In all these cases, you're using a portion of your potential future revenue as an incentive to purchase your product now. The Total Commander model you cite is one extreme; at the other end of the spectrum is the model used for most material goods:

  • You buy a version, and you buy it again later if you want a newer, better version.

So, if I'm likely to buy your product eventually, what's it worth to you to get me to buy now instead of a year or two from now? On the other hand, how much additional value will I realize by starting to use your product now instead of at some point in the future?

Also, how solid is your product, and how well known is it? One reason that consumers expect free updates, at least for a while, is that it's difficult to know whether a piece of software will really work correctly or if it has serious bugs. Offering free updates helps mitigate that risk, much as a warrantee on a material good might. If your product has received excellent reviews and is well known, customers will have much more confidence in it and won't need quite as much assurance that you'll stand behind it.

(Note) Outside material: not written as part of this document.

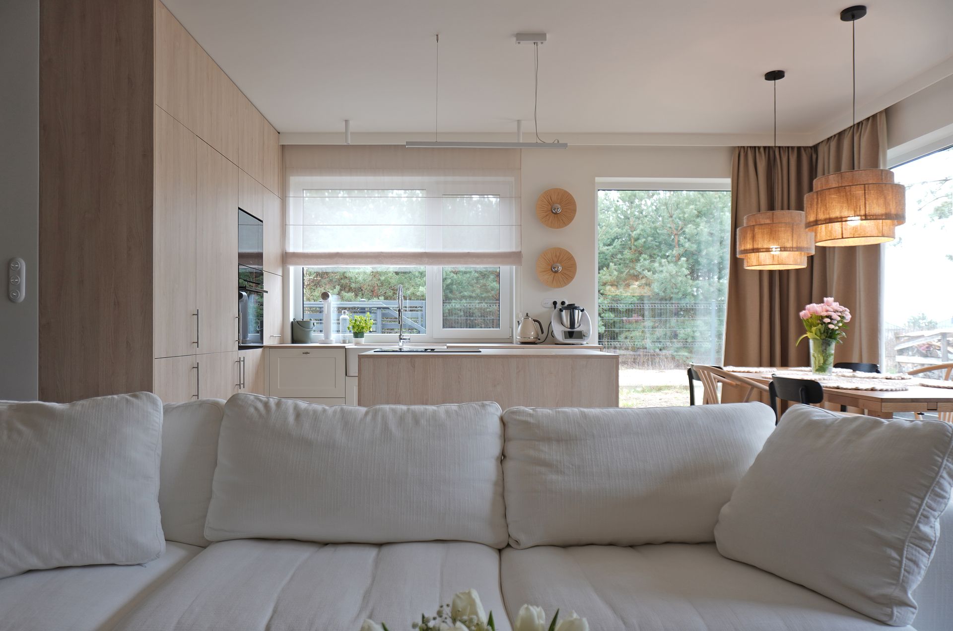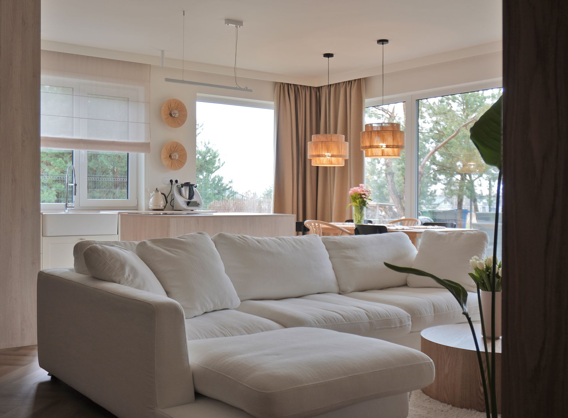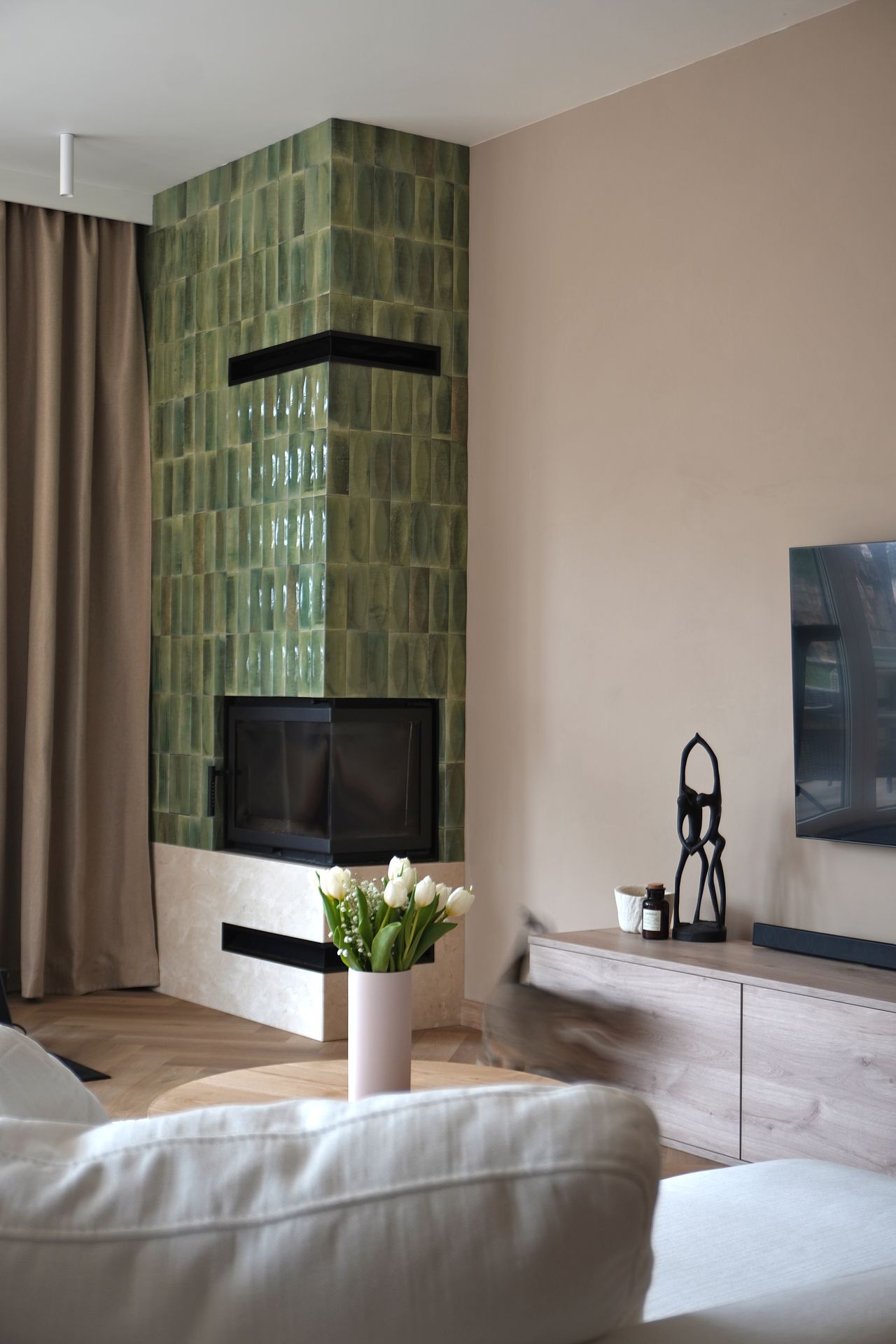 Realizacja projektu wnętrza domu pod Warszawą dla pary. Rozpoczynając pracę nad wnętrzem tego domu od razu wiedziałam, że to będzie wyjątkowy projekt. Wnętrze miało połączyć ciepło rustykalnego stylu z funkcjonalnością nowoczesnego designu. I tak powstał ten dom - pełen jasnego drewna, naturalnych materiałów i przemyślanych rozwiązań. Centralną częścią mieszkania jest narożny kominek obłożony, zieloną płytką, która przyciąga wzrok od razu po wejściu do strefy dziennej. Kominek stanowi dominantę dla całego wnętrza i odbija światło w załamaniach łezek. Projekt Zuzanna Orlińska. Projektowanie wnętrz Warszawa - Zuzanna Orlińska
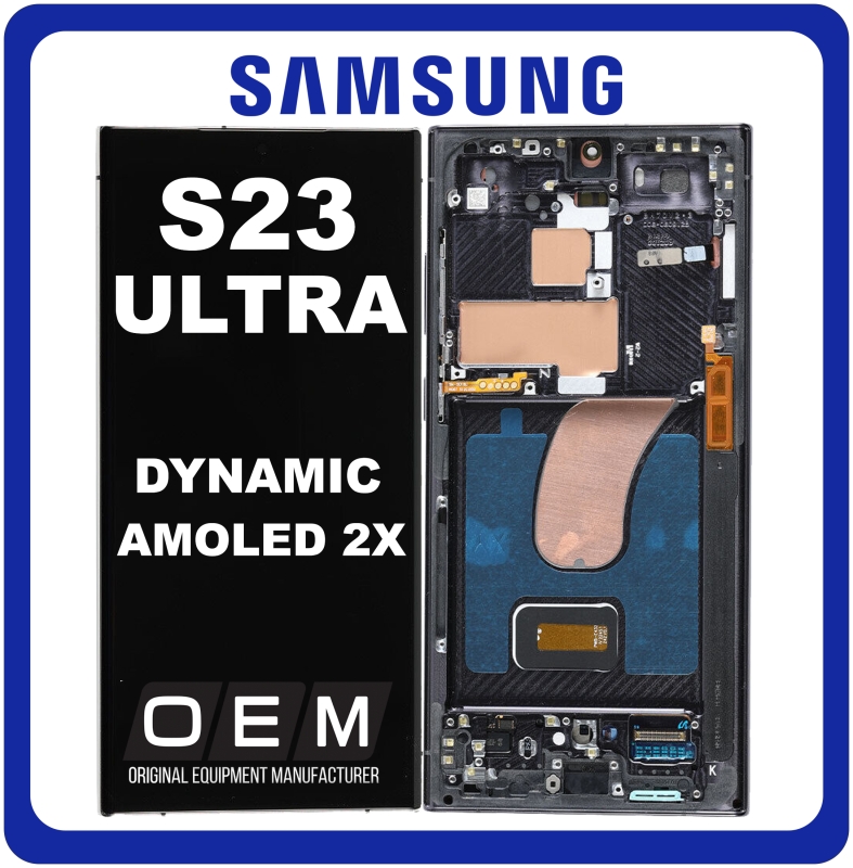 HQ OEM Συμβατό Με Samsung Galaxy S23 Ultra 5G (SM-S918B, SM-S918B/DS) Dynamic AMOLED 2X LCD Display Screen Assembly Οθόνη + Touch Screen Digitizer Μηχανισμός Αφής + Frame Bezel Πλαίσιο Σασί Phantom Black Μαύρο (Premium A+)

You don't necessarily have to choose one model and be stuck with it. You can change your terms as you see fit as long as you make sure that you don't break any previous promises that you've made. You could offer free minor updates now, for example, and later offer free major updates for a fixed period after purchase. It's common for software companies to do this retroactively: they'll introduce a product and offer a free or discounted update to anyone who purchased within the last several months. The possibilities are limited mainly by your imagination, the risk of confusing or annoying your customers, the additional value added to new versions, and the amount of complexity you're willing to put up with.